The short answer is probably not in the near-term, but there is reason for optimism looking ahead. Since March 14, the Freightos Baltic Exchange Index that measures the average spot rate for shipping 40-foot containers from China to the North American West Coast has increased 27% from $1,315 to $1,673. Over the same time, national tender rejection rates have crested in response to spiking demand and then fallen sharply as domestic freight volumes fall below seasonal levels this week. What connection can we make between these two figures?
Maritime shipping rates increasing from China to North America are a direct result of the imbalance between supply and demand for container shipping capacity. Earlier in the week, Greg Miller wrote about the resilience of the trans-Pacific rates and how the container lines are more able to control capacity due to consolidation.
With less players in the market, rates are much easier to control than in the heavily fragmented domestic trucking arena, which is why we see a dramatic drop in tender rejection rates — a measure of carrier availability and/or willingness to honor contracted rates. The higher the rejection rates go, the higher the upward rate pressure.
Even though the maritime shipping lines can control capacity to an extent, they have no control over demand, which has to be present for rates to have any stickiness. Since March 16, customs shipments coming from China have recovered from 4,000 to over 12,000 shipments per day. This increasing volume is a good sign that China has restored some level of production and demand from the U.S. has not entirely gone away.
From April through May of 2019, the average daily shipment count for China to U.S. maritime imports was 16,422 — as of April 3 the lane is at 75% of that figure. The takeaway for U.S. carriers is the fact that inventories are rebuilding while most of the country remains shut down. Once the U.S. begins to phase people back into the workplace and the economy begins to recover, there should be inventory in place ready to ship should demand recover.

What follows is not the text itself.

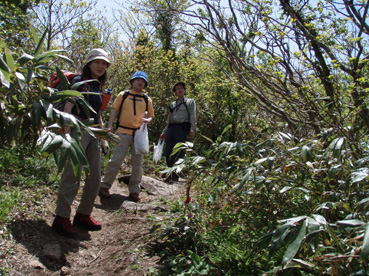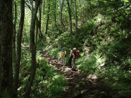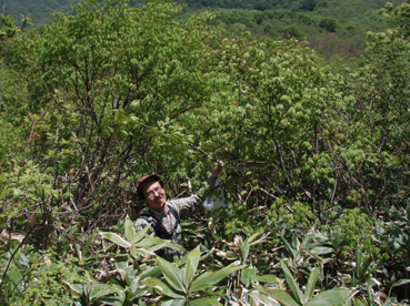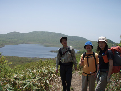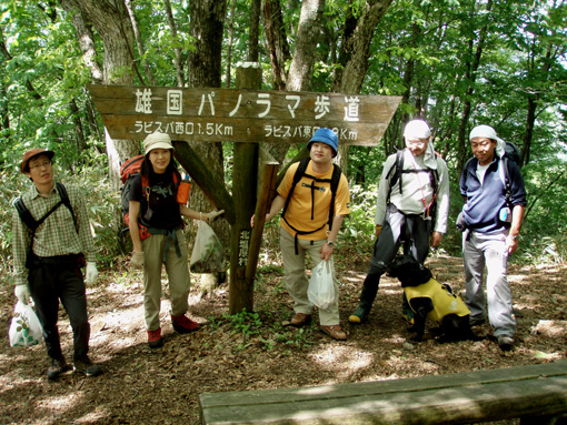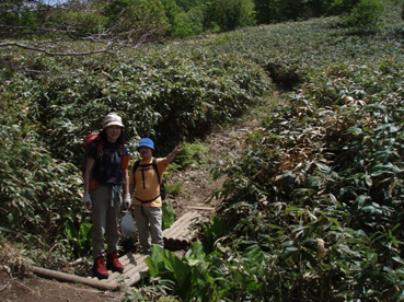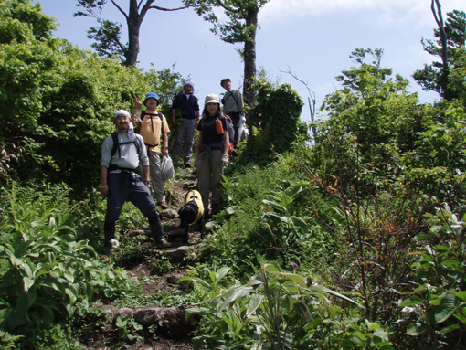 ![]() 深緑が爽やかな登山道 1日は予想に反した良い天気で 檜原湖登山口から雄国山山頂へ山菜の宝庫を辿りながらラビスパ登山口へと下る 途中でジダケやアイコ・シオデ・タラノメなど山の恵みを分けていただいた 前日の深酒が利いたのか足取りが重いSEI・息をハアハアと歩く・・・ 皆さんは元気で山頂のビールタイムも美味しいと笑顔の休憩だ! 青空が広がり展望を仰ぎ見ることが出来たのは何週ぶりだろうか記憶が薄い 久しぶりの好天に誘われてか黒い虫の軍団も登場だ! 山に響き渡る歌声があっちこっちで聞こえる「野鳥の囀である」 野鳥の声が甲高く通るブナ林に時折爽やかな風が吹き頬をなでる ![]() 檜原湖登山口で(一匹さん・gonちゃん・ito君) 新緑のブナ林 昨日の山菜オフで飲み過ぎたのはSEIだけか? 皆さんは元気だ。 登山口で写真を撮りブナ林の登山道を登る 緑が濃く昨日降った雨で木々も生き生きと豊かな表情をしてる ![]() 緑が濃く美味しい空気が一杯 木漏れ日が落ちるブナ林 野鳥の声があっちこっちから聞こえる SEIさん今の囀りは何という鳥 え〜〜と 殆ど当たらないだろうがカケスかな????? 春日八郎さんも歌ったように「山の〜カケスが、泣ている〜」難しい話ですみません (笑) くだらない話も山では愛嬌と許してくれる優しい 仲間でありました。 ![]() 雄国沼の分岐にて なだらかな雄国山 分岐からは山頂まで残り20分 なだらかなピークを眺めて、あと一汗である ![]() コシアブラを見つけた一匹さん 雄国沼 分岐から先は低木で視界良好の緩斜面だ キョロキョロと道草登山が登りにブレーキを駆けた しばらくぶりの晴天登山に視界が定まらなく、貪欲に眺める風景は 眩しく沼に映し出される ![]() 雄国沼を背景に! 遠望の尖りは磐梯山 何処までも青い空 沼を囲む稜線 古城ヶ峰(1287.8m)が風景の流れを際だたせてる 何から何まで晴天が醸し出す技のように思えてならない。。 赤い花も。。 ![]() 山頂です(一匹さん・ito君・Gonちゃん) 下山はラビスパへ 山頂は風が吹き気持ちが良い お待ちかねのビールタイムである 皆さんで乾杯〜〜と抜く缶の音 「プ・シュー」 いただきますと勢いよく喉に送り込んだ う〜〜にがー と聞き慣れない発信はSEI 昨日の深酒が残りビールも飲めませんでした。 ![]() 芸実的なツタの模様 ジダケの宝庫です 自然のアートが芸術の森へと移る 木々に宿を借りるツタ コルの平地はジダケの繁華街です 熊さんが歩った獣道なのかジダケ採りの名人が付けた跡なのか 無数の踏み跡が在りました。 ![]() Sakuraがお待ちかね! ジダケ採りのメンバーと合流 下山の途中にsakuraが待ってくれた、ジダケ採りのタッシーとsoneさんの姿が見えない 竹藪の中を彷徨ってるのか お〜〜い お〜〜〜い と数回呼んだ そこにゴソゴソと出てきたのはsoneさん 収穫は余り良くないようだ しばらくするとタッシーも袋片手に現れる ![]() 分岐にて(一匹さん・Gonちゃん・ito君・タッシーさん・soneさん) ラビスパ西口&東口の分岐に着く 此処から東口へ下り アイコやシオデを袋の仲間に入れて散歩だ 賞味期限が過ぎたであろうタラノメも少し頂き汗して最後の歩きになりました。 ![]() ![]() ![]() ![]() ![]() ![]() ![]() ![]() ![]() セミも居ます 戻る |

The transition from ocean container to truckloads is not a direct path. Ocean freight typically hits rail and drayage before being placed into warehouses and hitting truckload carriers. In this case, the increase in shipping rates should be viewed as a positive sign that maritime shipments have supposedly found a bottom, but there is also an important lesson hidden here for domestic trucking providers.
Maritime carriers know they will not have the demand to keep their ships consistently moving, so they cancel their sailings to reduce cost and keep rate pressure higher. This is not as easy in the trucking world with thousands of fleets authorized for hire in the U.S. versus the 10 major ocean carriers, who are also bundled into three main alliances.
Simply put, truckload carriers will probably not be able to keep rates up during this time without some form of rate discipline from the bigger providers even though it may be necessary to stay afloat — the reason for the rate increases on the ocean freight.
As rejection rates fall, so do spot rates and subsequently contracted rates. Smaller carriers will not be able to weather a long run event without help. The stimulus package does give them some support through the payroll protection program, but there are questions around whether it will be enough.
With 93% of the for-hire carriers having less than 20 trucks the government stimulus may not be enough to sustain them through more than a few months. By next winter, there could be far less capacity available, which will push rates higher when volumes return. The big question will be how high they will go and how fast.
That answer depends on how long the country remains shut down and to what level the stimulus packages will go. Unemployment levels are at unfathomable heights. The longer this occurs the less small businesses will be able to rehire their workforce and the longer it will take for recovery.